Please explain how you use the popscicle sticks. Thanks!


----------



## Michael Bush (Aug 2, 2002)

Just buy the "jumbo craft sticks" at the craft store (Michaels, etc.) and glue them into the groove on a grooved top bar. Or, if you have one with a cleat that's not broken out, glue it into that groove, or if the cleat IS broken out, glue and nail it in like it was a piece of foundation. If it's a top bar hive, cut a groove in the center of the top bar.

You'll probably have to use two whole sticks and one part of a stick. Sorry I don't have a picture.


----------



## tbeddy (Feb 7, 2008)

Thank you for the advice, sticks it will be.


----------



## stangardener (Mar 8, 2005)

popsicle sticks are marketed as craft sticks. jumbo craft sticks are toungue depresser size and in my opinion are too wide.


----------



## deknow (Jul 17, 2006)

....my bees don't agree 

but seriously, we've had good luck with the jumbo craft sticks, with a few hundred frames drawn out beautifully last season. whether smaller sticks would be better would be an interesting side by side experement.

deknow


----------



## Black Creek (May 19, 2006)

*another thumbs up*

I've had great success with the popsicle sticks too. I always end up with wavy foundation using whole sheets. almost all of my nice straight combs are starter strips and popsicle sticks.


----------



## Tim Hall (Sep 14, 2007)

Can these be glued in using hot wax, or is something more permanent suggested? Does it help to wax the sticks?


----------



## Michael Bush (Aug 2, 2002)

I would glue them with exterior wood glue. But that's me. Anything will probably work.


----------



## JC (Jun 3, 2006)

Michael Bush said:


> Just buy the "jumbo craft sticks" at the craft store (Michaels, etc.) and glue them into the groove on a grooved top bar. Or, if you have one with a cleat that's not broken out, glue it into that groove, or if the cleat IS broken out, glue and nail it in like it was a piece of foundation. If it's a top bar hive, cut a groove in the center of the top bar.
> 
> You'll probably have to use two whole sticks and one part of a stick. Sorry I don't have a picture.

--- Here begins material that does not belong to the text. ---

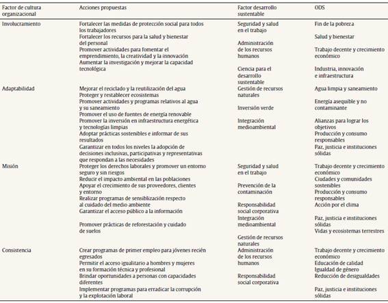 Con base en lo anterior, en la tabla 16 se presenta una propuesta de acciones encaminadas para fortalecer lo que las empresas ya realizan, y para impulsar su desarrollo sustentable con base en los factores de cultura organizacional analizados. Asimismo, se establece en qué dimensión de desarrollo sustentable impacta cada acción propuesta y qué ODS sería alcanzado.

Do you start a whole super of 10 popsicle stick frames, or do you alternate the popsicle stick frames with frames of drawn foundation?


----------



## Michael Bush (Aug 2, 2002)

>Do you start a whole super of 10 popsicle stick frames, or do you alternate the popsicle stick frames with frames of drawn foundation?

I often do a whole box of foundationless frames. I sometimes, if it's handy, put a drawn comb in the center to get them headed in the right direction. One frame with foundation would probably serve the same purpose. I would not alternate with foundation.


----------



## JC (Jun 3, 2006)

Michael Bush said:


> >Do you start a whole super of 10 popsicle stick frames, or do you alternate the popsicle stick frames with frames of drawn foundation?
> 
> I often do a whole box of foundationless frames. I sometimes, if it's handy, put a drawn comb in the center to get them headed in the right direction. One frame with foundation would probably serve the same purpose. I would not alternate with foundation.


Thanks, Michael. I am going to try some foundationless frames this spring. It will be a first for me!


----------



## sc-bee (May 10, 2005)

*Confusion*

I stay confused. I thought you had to place each empty frame between a drawn frame as a guide. Boy do I complicate things!!!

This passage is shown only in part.